- WHAT YOU SHOULD DO
Without including any pictures, reproduce the full listing exactly.

- INFORMATION SUPPLIED
++++++

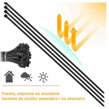 Ezek a fekete nejlon kábelkötegelők széleskörű alkalmazásra alkalmasak otthoni, műhelybeli vagy építkezési feladatok során. Tartós, kopás- és szakadásálló nejlonból készültek. Ellenálló képességüknek köszönhetően beltéren és kültéren egyaránt használhatóak anélkül, hogy kellemetlen szagokat okoznának.
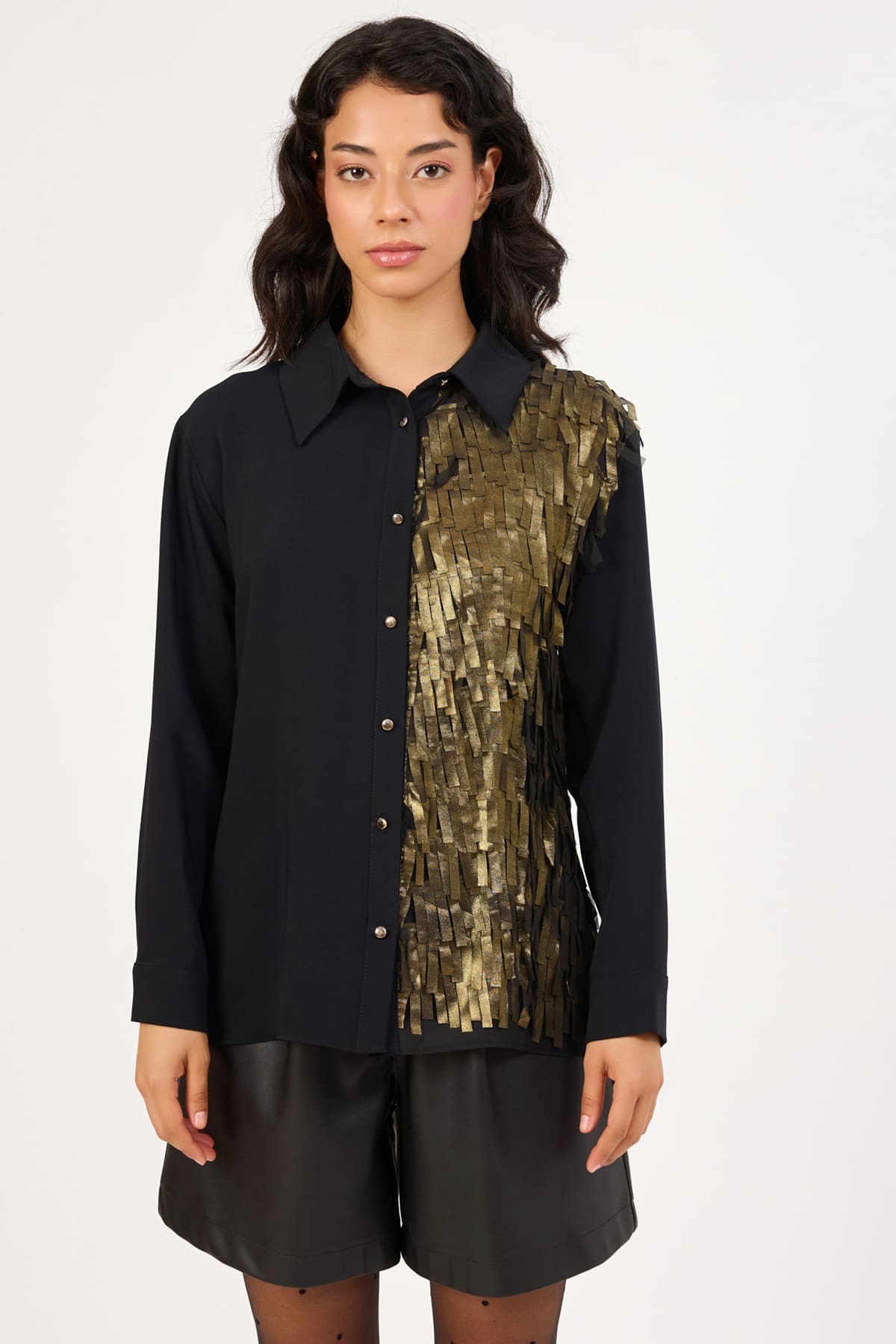 Katlama detaylı balon kol siyah gömlek Katlama detaylı balon kol siyah gömlek 352117020 2
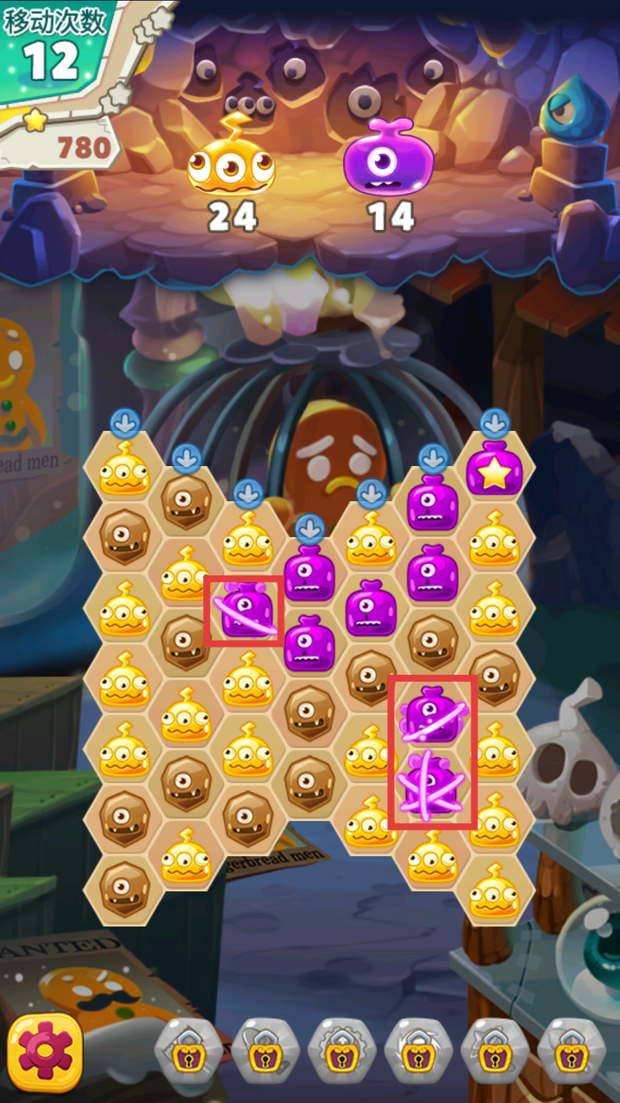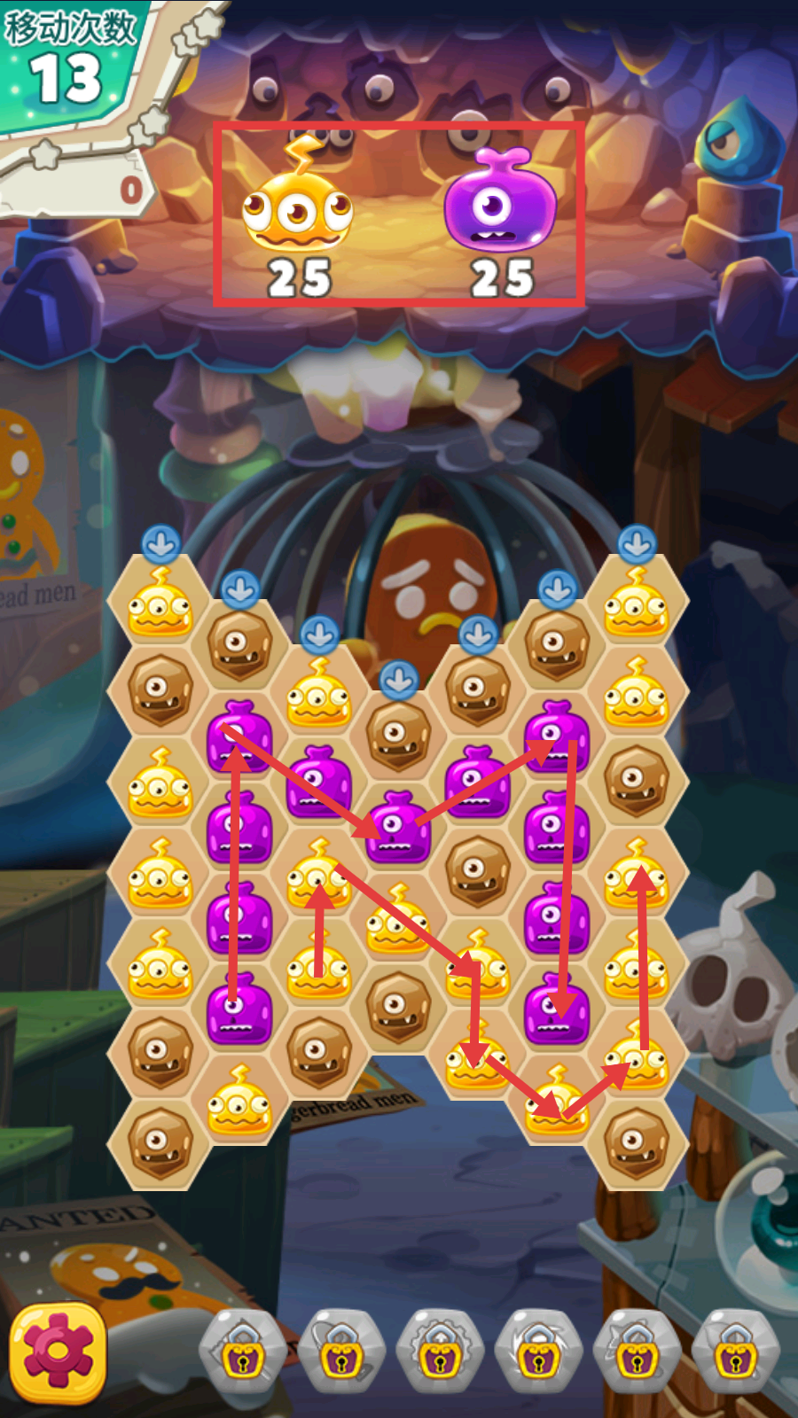 2、移动次数13,需消除25个黄色和25个紫色萌怪,尽量将同色以及三个以上的萌怪连个一条线,消除指定的萌怪,达成消除目标。

++++++

- YOUR RESPONSE
 Ezek a fekete nejlon kábelkötegelők széleskörű alkalmazásra alkalmasak otthoni, műhelybeli vagy építkezési feladatok során. Tartós, kopás- és szakadásálló nejlonból készültek. Ellenálló képességüknek köszönhetően beltéren és kültéren egyaránt használhatóak anélkül, hogy kellemetlen szagokat okoznának.
 Katlama detaylı balon kol siyah gömlek Katlama detaylı balon kol siyah gömlek 352117020 2
 2、移动次数13,需消除25个黄色和25个紫色萌怪,尽量将同色以及三个以上的萌怪连个一条线,消除指定的萌怪,达成消除目标。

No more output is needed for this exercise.